● YOUR TASK: Give back exactly the lines that start at the one containing "- Подключение камер" and run to the end of the material, leaving out the pictures.

● SUPPLIED INFORMATION:
::::::::::

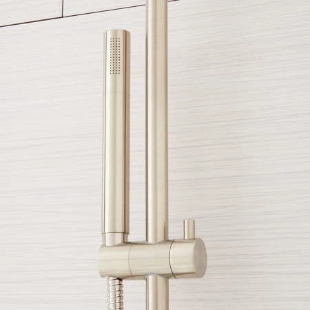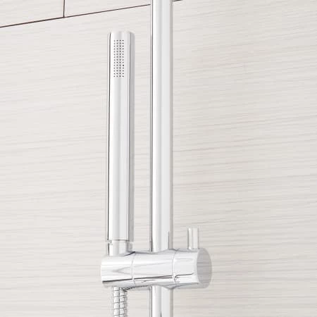 Versatile and sleek, the Exira Thermostatic Shower System offers a rainfall showerhead, a convenient hand shower and six body sprays to pamper you. This solid brass shower system also features a notable thermostatic diverter for consistent temperature.
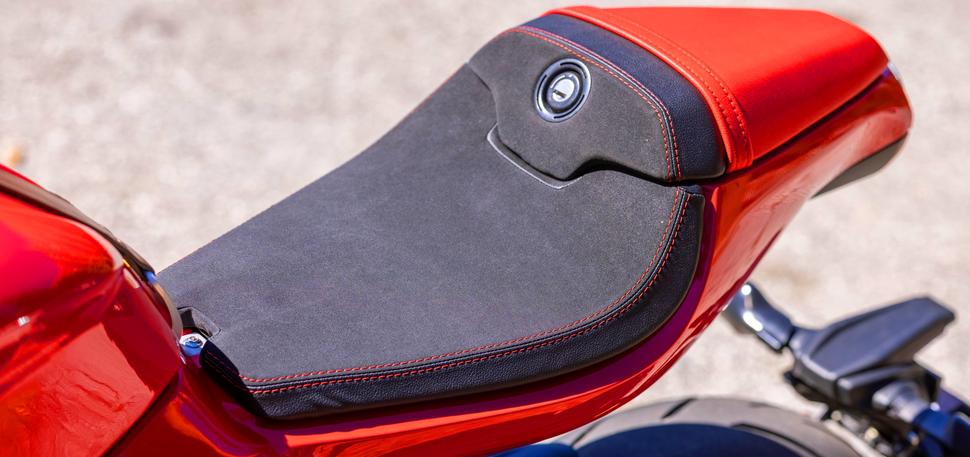 Там же, на треке, вылезли и три косяка MV Agusta Superveloce, по-настоящему неприятных для меня. Во-первых, MV Agusta Superveloce тесный. Да, маленький хвост смотрится здорово, но на практике маленькое, но глубокое одиночное сиденье садит райдера в одну фиксированную позицию и не позволяет ни отодвинуться назад, ни сдвинуться вперёд, ни хорошенько поёрзать, устраиваясь. Даже с моими 170см мне было неуютно и тесно. На треке это не беда, но выезжая куда-то ещё, быстро устанешь от такой посадки.
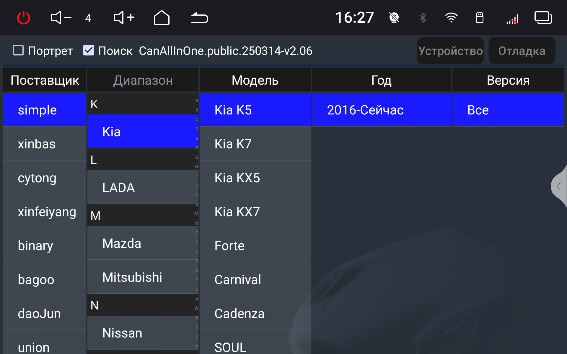 - Подключение камер переднего и заднего вида аналоговых и цифровых (AHD).
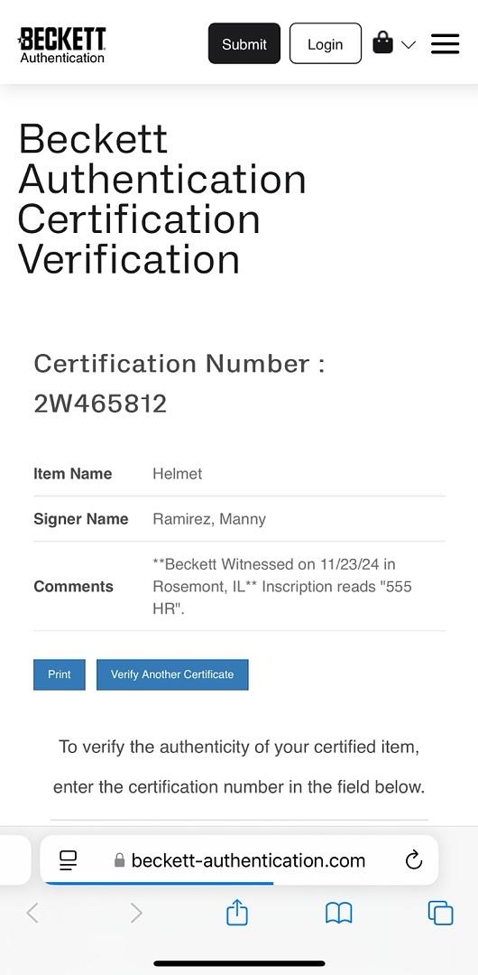 Celebrate Manny Ramirez’s incredible career with this full-size batting helmet, signed and inscribed with his 555 home runs. Featuring a Beckett Certificate of Authenticity and representing his time with Cleveland, this collectible is a must-have for passionate fans and serious collectors alike.

::::::::::

● EXPECTED ANSWER:
 - Подключение камер переднего и заднего вида аналоговых и цифровых (AHD).
 Celebrate Manny Ramirez’s incredible career with this full-size batting helmet, signed and inscribed with his 555 home runs. Featuring a Beckett Certificate of Authenticity and representing his time with Cleveland, this collectible is a must-have for passionate fans and serious collectors alike.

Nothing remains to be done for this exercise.